===== Supplied data =====
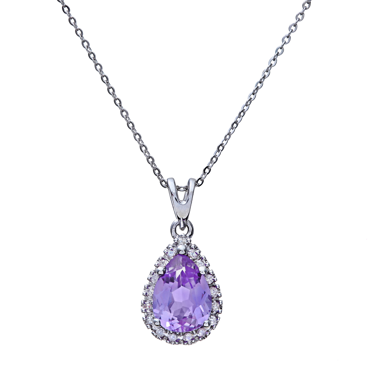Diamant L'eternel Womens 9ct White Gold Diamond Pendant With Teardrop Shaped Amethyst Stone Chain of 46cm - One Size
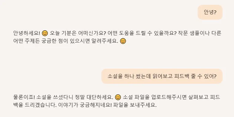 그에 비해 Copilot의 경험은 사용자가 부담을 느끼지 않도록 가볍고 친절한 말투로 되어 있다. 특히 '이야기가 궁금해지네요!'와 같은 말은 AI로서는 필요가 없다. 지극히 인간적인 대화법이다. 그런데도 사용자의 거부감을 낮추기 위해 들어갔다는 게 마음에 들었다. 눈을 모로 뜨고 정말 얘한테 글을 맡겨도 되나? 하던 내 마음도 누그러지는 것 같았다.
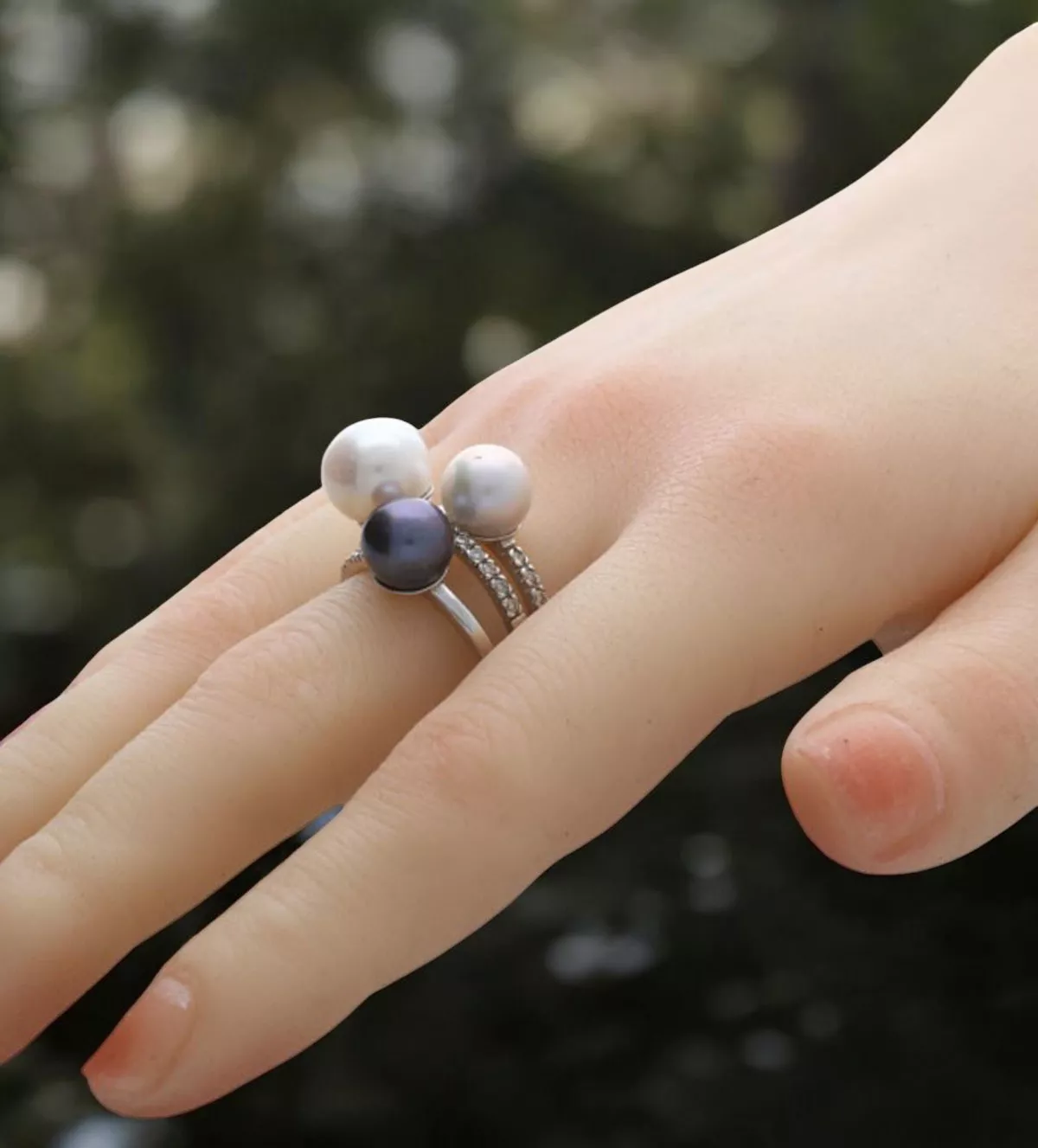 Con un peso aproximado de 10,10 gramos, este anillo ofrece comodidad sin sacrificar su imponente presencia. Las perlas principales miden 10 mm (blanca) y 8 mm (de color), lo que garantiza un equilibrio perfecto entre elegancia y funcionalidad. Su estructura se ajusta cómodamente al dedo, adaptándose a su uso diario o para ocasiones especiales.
=====
Task directions: Write out all the material above exactly, with no image carried over.

Task answer:
Diamant L'eternel Womens 9ct White Gold Diamond Pendant With Teardrop Shaped Amethyst Stone Chain of 46cm - One Size
 그에 비해 Copilot의 경험은 사용자가 부담을 느끼지 않도록 가볍고 친절한 말투로 되어 있다. 특히 '이야기가 궁금해지네요!'와 같은 말은 AI로서는 필요가 없다. 지극히 인간적인 대화법이다. 그런데도 사용자의 거부감을 낮추기 위해 들어갔다는 게 마음에 들었다. 눈을 모로 뜨고 정말 얘한테 글을 맡겨도 되나? 하던 내 마음도 누그러지는 것 같았다.
 Con un peso aproximado de 10,10 gramos, este anillo ofrece comodidad sin sacrificar su imponente presencia. Las perlas principales miden 10 mm (blanca) y 8 mm (de color), lo que garantiza un equilibrio perfecto entre elegancia y funcionalidad. Su estructura se ajusta cómodamente al dedo, adaptándose a su uso diario o para ocasiones especiales.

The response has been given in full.